• _INSTRUCTIONS TO FOLLOW_
Would you restate, word for word, only the lines starting at the one with "Papieski dar przekaże" and ending with the final line of the entries below? Pictures stay out.

• _ENTRIES SUPPLIED_
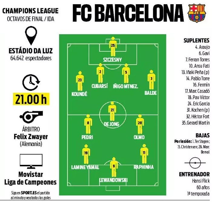 據(jù)每體分析,弗里克將在今晚排出一套本賽季從未使用過的首發(fā)組合:什琴斯尼坐鎮(zhèn)龍門;孔德、庫巴西、伊尼戈和巴爾德組成后防線;德容、佩德里和奧爾莫出任中場;亞馬爾、拉菲尼亞和萊萬搭檔三叉戟。
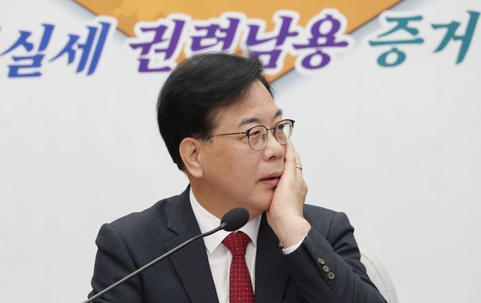 국민의힘 슬롯 원내대표가 7일 국회에서 열린 원내대책회의에 참석해 있다.ⓒ연합뉴스
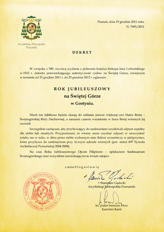 Papieski dar przekaże sanktuarium w niedzielę arcybiskup metropolita poznański Stanisław Gądecki, który będzie przewodniczył uroczystościom. Święta Góra jest pierwszym w Wielkopolsce, a trzecim w Polsce sanktuarium uhonorowanym papieską różą. O historii Świętej Góry opowiedzieli reporterowi Radia Merkury opiekunowie tego miejsca - księża Filipini - świętogórski proboszcz Dariusz Dąbrowski oraz superior, czyli przełożony miejscowej wspólnoty Marek Dudek.
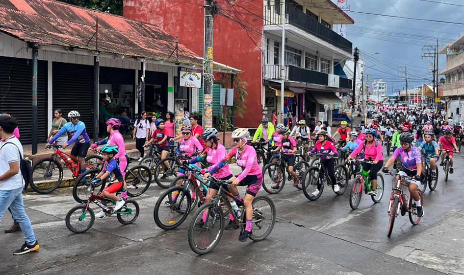 una marcha para crear concientización en la cual participaron personal del DIF Municipal, Instituto Municipal de la Mujer, Centro de Salud de Catemaco, y COBAEV 16 Catemaco, en coordinación con el grupo Fridas en Bici.
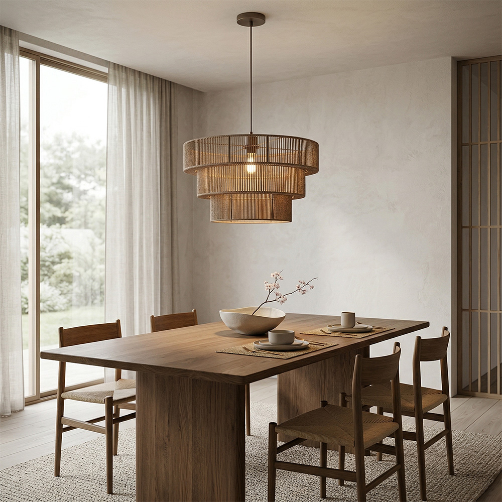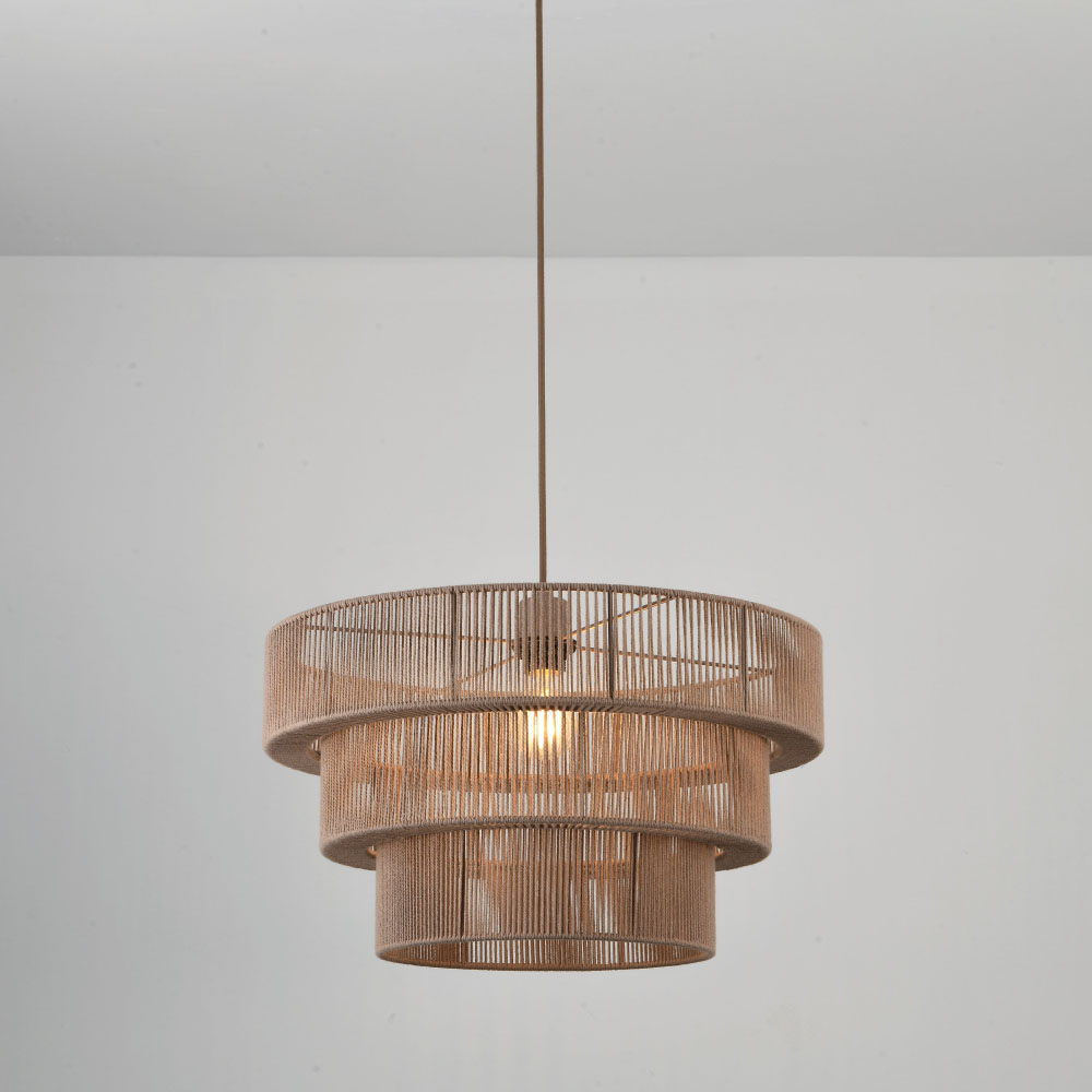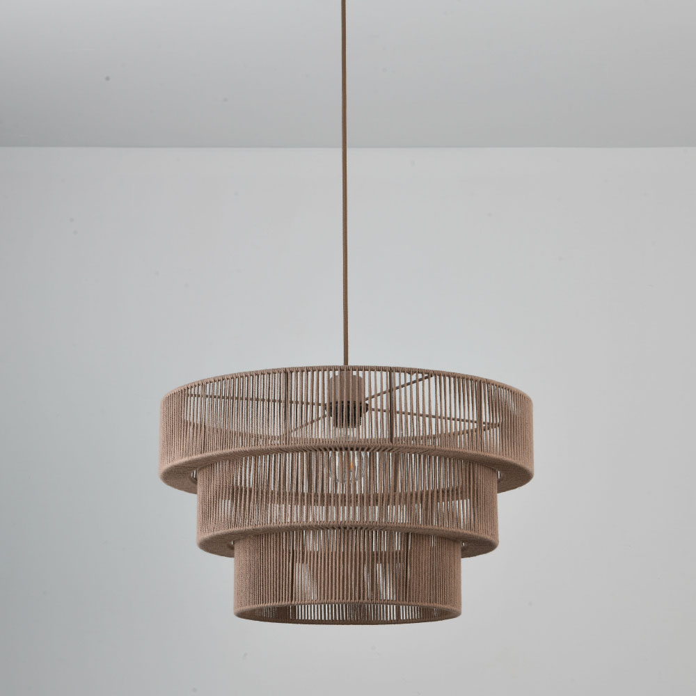Deze drielaagse hanglamp is zorgvuldig opgebouwd van breed naar smal gevlochten koordlagen, waardoor een elegante, natuurlijke pirouette ontstaat die diepte, ritme en verfijning toevoegt aan elke ruimte.

• _SOLUTION TO THIS TASK_
 Papieski dar przekaże sanktuarium w niedzielę arcybiskup metropolita poznański Stanisław Gądecki, który będzie przewodniczył uroczystościom. Święta Góra jest pierwszym w Wielkopolsce, a trzecim w Polsce sanktuarium uhonorowanym papieską różą. O historii Świętej Góry opowiedzieli reporterowi Radia Merkury opiekunowie tego miejsca - księża Filipini - świętogórski proboszcz Dariusz Dąbrowski oraz superior, czyli przełożony miejscowej wspólnoty Marek Dudek.
 una marcha para crear concientización en la cual participaron personal del DIF Municipal, Instituto Municipal de la Mujer, Centro de Salud de Catemaco, y COBAEV 16 Catemaco, en coordinación con el grupo Fridas en Bici.
Deze drielaagse hanglamp is zorgvuldig opgebouwd van breed naar smal gevlochten koordlagen, waardoor een elegante, natuurlijke pirouette ontstaat die diepte, ritme en verfijning toevoegt aan elke ruimte.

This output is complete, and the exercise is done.